Please transcribe exactly the lines from the line holding "- Ashraf, H.;" through the end of the data below, and skip any pictures.

---- DATA

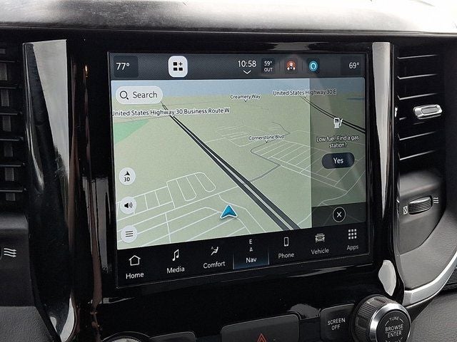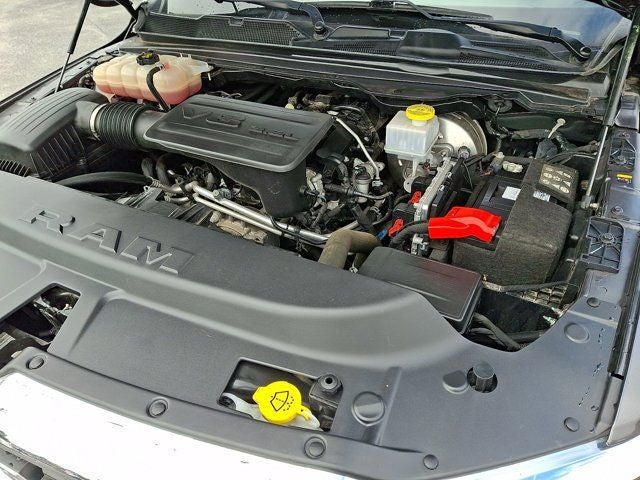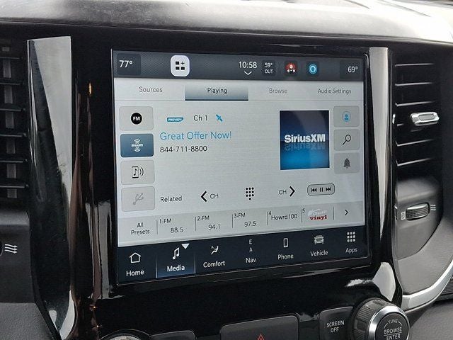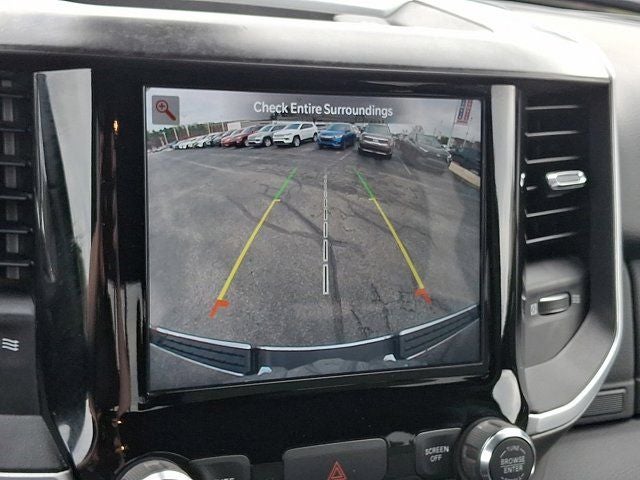 Below is all the standard equipment Big Horn Level 1 Equipment Group (2nd Row In Floor Storage Bins, 4G LTE Wi-Fi Hot Spot, 8.4 Touchscreen Display, Apple CarPlay, Auto-Dimming Exterior Driver Mirror, Auto-Dimming Rear-View Mirror, Black Exterior Mirrors, Black Premium Power Mirrors, Bluetooth® Handsfree Phone & Audio, Class IV Receiver Hitch, Cluster 3.5 TFT Color Display, Connectivity - US/Canada, Convex Wide-Angle Mirror Insert, Exterior Mirrors Courtesy Lamps, Exterior Mirrors w/Heating Element, Exterior Mirrors w/Supplemental Signals, For Details, Visit DriveUconnect.com, Global Telematics Box Module (TBM), Glove Box Lamp, Google Android Auto, GPS Antenna Input, Integrated Center Stack Radio, Power 2-Way Driver Lumbar Adjust, Power 8-Way Driver Seat, Power Adjustable Pedals, Power-Folding Mirrors, Radio: Uconnect 5 W w/8.4 Display, Rear Dome w/On/Off Switch Lamp, Rear Power Sliding Window, Rear Window Defroster, SiriusXM Radio Service, SiriusXM Satellite Radio, Sun Visors w/Illuminated Vanity Mirrors, Universal Garage Door Opener, and USB Host Flip), Quick Order Package 23Z Big Horn (Big Horn Badge), Certified Pre-Owned Certified, Wheels: 20 x 9 Aluminum Chrome Clad (WRK), 3 Rear Seat Head Restraints, 3.21 Rear Axle Ratio, 4 Way Front Headrests, 4-Wheel Disc Brakes, 48V Belt Starter Generator, 6 Speakers, ABS brakes, Air Conditioning, Air Conditioning ATC w/Dual Zone Control, All R1 High Radios, All Radio Equipped Vehicles, Alloy wheels, AM/FM radio, Brake assist, Bumpers: chrome, Cloth Bench Seat, Cluster 7.0 TFT Color Display, Compass, Connected Travel & Traffic Services, Delay-off headlights, Disassociated Touchscreen Display, Driver door bin, Dual front impact airbags, Dual front side impact airbags, Electronic Stability Control, Emergency communication system: SiriusXM Guardian, Front anti-roll bar, Front Center Armrest w/Storage, Front fog lights, Front reading lights, Front Seat Back Map Pockets, Front wheel independent suspension, Fully automatic headlights, GPS Navigation, HD Radio, Heated door mirrors, Illuminated entry, Integrated Voice Command w/Bluetooth®, Leather steering wheel, Low tire pressure warning, MOPAR Front & Rear Rubber Floor Mats, Occupant sensing airbag, Outside temperature display, Overhead airbag, Overhead console, Panic alarm, ParkView Rear Back-Up Camera, Passenger door bin, Passenger vanity mirror, Power door mirrors, Power steering, Power windows, Radio data system, Radio: Uconnect 3 w/5 Display, Radio: Uconnect 5 Nav w/8.4 Display, Rear 60/40 Folding Seat, Rear anti-roll bar, Rear seat center armrest, Rear step bumper, Rear Wheelhouse Liners, Remote keyless entry, SiriusXM w/360L, Speed control, Split folding rear seat, Steering wheel mounted audio controls, Tachometer, Telescoping ste
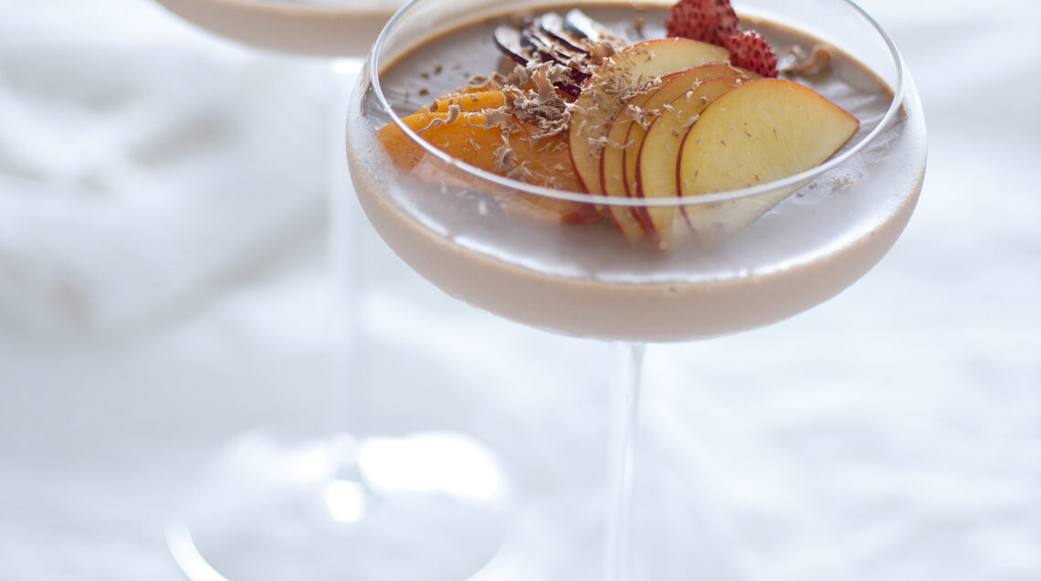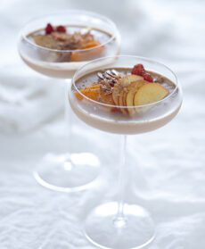 Monda la frutta, taglia a fette la pesca e la prugna, estrai le coppe dal frigorifero e decorale. Gusta subito il cremoso al latte con zenzero e macedonia.
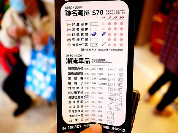 台灣炸物超多家,其中「潮麻吉」也算台中叫得出名號的雞排店之一,5月的時候大里中興路新開一家門市,看到有買一送一的活動立刻勾起處女座的精神,活動第一天就跑去排隊,只是活動跟我想像中的不太一樣,但還是順利買到雞排。「潮麻吉」的雞排共有五種口味可以選擇,其中又分成兩款麵衣,但麵衣的部分是固定搭配,無法客製化挑選我覺得小小可惜,有時會遇到想吃的口味剛好不是自己喜歡的麵衣,而「潮麻吉」的雞排調味相當濃郁,是重口系列的風味,比較適合重口味的朋友享用。
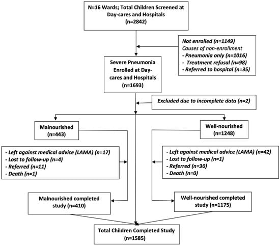 - Ashraf, H.; Alam, N.H.; Sultana, M.; Jahan, S.A.; Begum, N.; Farzana, S.; Chisti, M.J.; Kamal, M.; Shamsuzzaman, A.; Ahmed, T.; et al. Day clinic vs. hospital care of pneumonia and severe malnutrition in children under five: A randomised trial. Trop. Med. Int. Health 2019, 24, 922–931. [Google Scholar] [CrossRef] [PubMed]
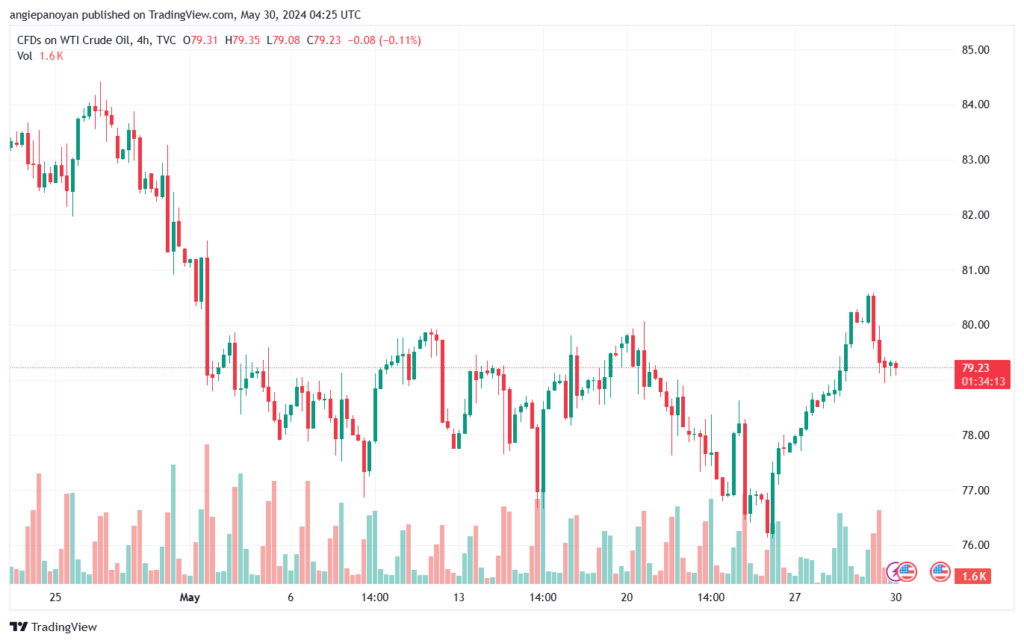 لذلك، يُتوقع استمرار الميل الهابط لهذا اليوم، وسيُسهّل كسر مستوى 79.00$ مهمة السعر لتحقيق الهدف المذكور. يجب مراعاة أن اختراق مستوى 79.60$ والثبات فوقه من جديد سيعيد تفعيل الموجة الصاعدة التي تستهدف مناطق 81.50$ بشكل أساسي.
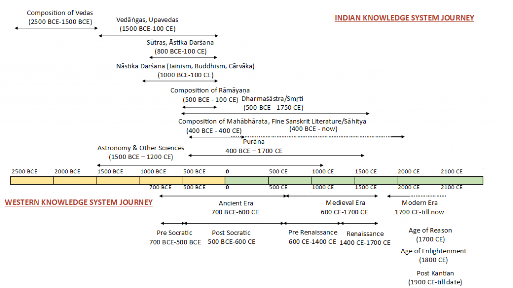 The diagram below depicts the chronological development of the Indian and Western knowledge system. The periods of compositions of various Indian scriptures are based on the best approximation.
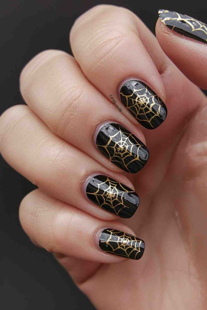 Delicate gold spiderweb designs on a black base create a chic, spooky aesthetic. Perfect for Halloween events without going too playful.

--------

● **THE COMPLETED TASK**:
 - Ashraf, H.; Alam, N.H.; Sultana, M.; Jahan, S.A.; Begum, N.; Farzana, S.; Chisti, M.J.; Kamal, M.; Shamsuzzaman, A.; Ahmed, T.; et al. Day clinic vs. hospital care of pneumonia and severe malnutrition in children under five: A randomised trial. Trop. Med. Int. Health 2019, 24, 922–931. [Google Scholar] [CrossRef] [PubMed]
 لذلك، يُتوقع استمرار الميل الهابط لهذا اليوم، وسيُسهّل كسر مستوى 79.00$ مهمة السعر لتحقيق الهدف المذكور. يجب مراعاة أن اختراق مستوى 79.60$ والثبات فوقه من جديد سيعيد تفعيل الموجة الصاعدة التي تستهدف مناطق 81.50$ بشكل أساسي.
 The diagram below depicts the chronological development of the Indian and Western knowledge system. The periods of compositions of various Indian scriptures are based on the best approximation.
 Delicate gold spiderweb designs on a black base create a chic, spooky aesthetic. Perfect for Halloween events without going too playful.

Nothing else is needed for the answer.